L’Ufficio Prevenzione Genocidi delle Nazioni Unite, dinnanzi a prove inconfutabili di un genocidio, ha il potere di ordinare l’immediato intervento militare offensivo dei Caschi Blu in virtù del principio della Responsabilità di Proteggere i civili. Solo un veto in votazione del Consiglio di Sicurezza può fermare l’intervento. Chi oppone il veto si prende la responsabilità in caso di genocidio avvenuto.

I fattori presi in considerazione dalla Commissione sono diversi. Instabilità politica, crisi economica, il clima di odio etnico, l’impunità per le violazioni dei diritti umani, un sistema giudiziario debole, l’assenza di media indipendenti e della libertà di espressione, la formazione di milizie etniche.
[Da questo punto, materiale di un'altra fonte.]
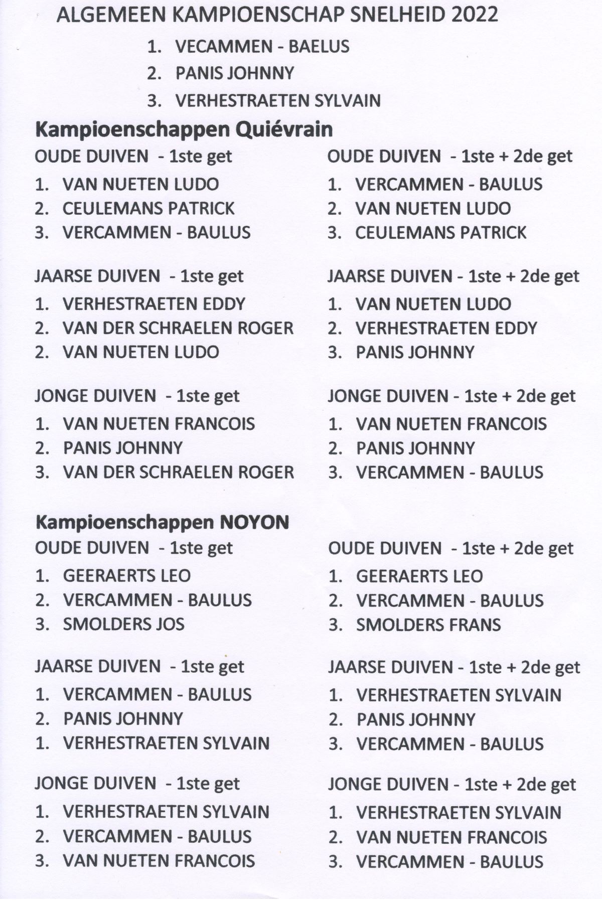 - Kampioen jonge duiven 1° get Quievrain: Francois Van Nueten (Herentals)
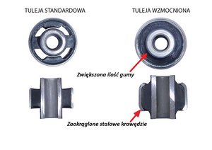 Kolejnym czynnikiem wpływającym na koszty napraw jest sposób ich wykonania. Najczęściej w związku z fabrycznymi ograniczeniami konstrukcyjnymi trzeba wymienić cały kompletny element. Jest to rozwiązanie wygodniejsze i szybsze, lecz niekoniecznie tańsze. Czasem jednak warta rozważenia okazuje się możliwość wymiany samych uszkodzonych części tegoż elementu. W przypadku pojazdów eksploatowanych w trudnych warunkach drogowych, powodujących przyspieszone zużycie zawieszeń, opłacalne bywa zastąpienie oryginalnych tulei metalowo-gumowych ich konstrukcjami wzmocnionymi. Na zamieszczonych zdjęciach widoczne są różnice pomiędzy produktami wzmocnionym a standardowymi.

Froncoise Hampson, membro della Commissione, parla di un clima di terrore e paura che da Bujumbura si è esteso nelle campagne. I discorsi inneggianti all’odio razziale, le Imbonerakure (milizia giovanile a sostegno del partito al potere CNDD-FDD), la caccia all’oppositore e le violenze commesse hanno raggiunto dimensioni etniche. «L’analisi e le conclusioni tratte dallo studio sulla situazione attuale in Burundi non può predire se e quando avverrà il genocidio, come, e in quale forma. Può solo allertare che il rischio di genocidio è reale», spiega Hampson. In sostanza: i fattori che potrebbero portare al genocidio sono stati rilevati, non è possibile prevedere se il genocidio scoppierà.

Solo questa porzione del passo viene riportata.